The result of this approach DSM-III was nothing short of revolutionary. It threw out most of the psychodynamic concepts and naming conventions such as the neuroses. American psychiatry then largely suddenly split into two camps, psychoanalytic and the new scientific, “medicalized,” psychiatry that later came to be called biological psychiatry. [That trend will also be explained in a later post on all this]. DSM-III was published in 1980 after its six years of research and authoring. To quickly conclude this introductory outline of the history, DSM-R, a revised edition came out in 1987, while DSM-V came out in 2013. This Fifth edition was long delayed and had many controversies and I shall attempt to highlight some of them, using them to illustrate the wrenching dilemmas that psychiatry and by extension, most of the mental health disciplines face now. It is fortunate that for the most part, these controversies that mirror evolutionary forces, the uncertainty caused by the avalanche and explosion of scientific knowledge, are discussed out in the open as they should be. The aim of controversy should not be to win and dominate as so often seems to be destructive tenor of our times forced upon us all by the corrosive scorched earth politics practice nowadays, but to resolve open questions and demonstrate through the answers from unbiased research that will help us all.
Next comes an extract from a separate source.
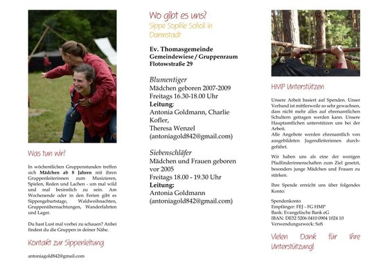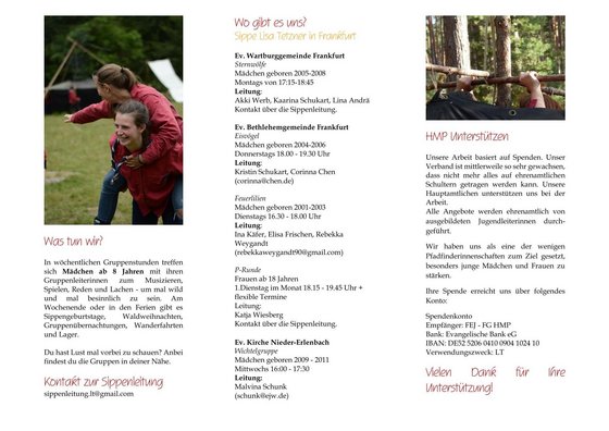Gruppenarbeit ist wieder möglich und wir laden alle Mädchen und jungen Frauen wieder zur Gruppenarbeit in Präsenz ein. Anbei findet ihr die Informationen zu unserer Gruppenarbeit an den verschiedenen Standorten in Hessen: Frankfurt, Friedrichsdorf/ Seulberg, Oberstedten, Butzbach und Darmstadt. An den Sippenstandorten der Sippe "Maria Sibylla Merian" in Wiesbaden und der Sippe “Elsa Brändström” in Gießen können wir leider aktuell keine Gruppenarbeit anbieten. Für Fragen steht Euch die jeweilige Gruppen- und Sippenleitung gerne zur Verfügung. Alle Daten findet ihr in den Flyern.

I shall suggest to the reader, representative authors, books and readings to supplement these, again arcane, esoteric posts on this somewhat obscure subject. But the ultimate aim will be educate the interested reader as perhaps what all this means for our evolving view of the modern person in the more modern, complex and stressful world. Some of the controversies are still unsettled in the public discourse and set off bitter national disputes, political, religious and legislative battles that endanger at times, our cherished democratic ideals of unfettered discourse, fair consideration of different points of view and show the influence of fear of the modern, more scientific and less certain modern unknown future that all cultures are facing in many forms all over the world.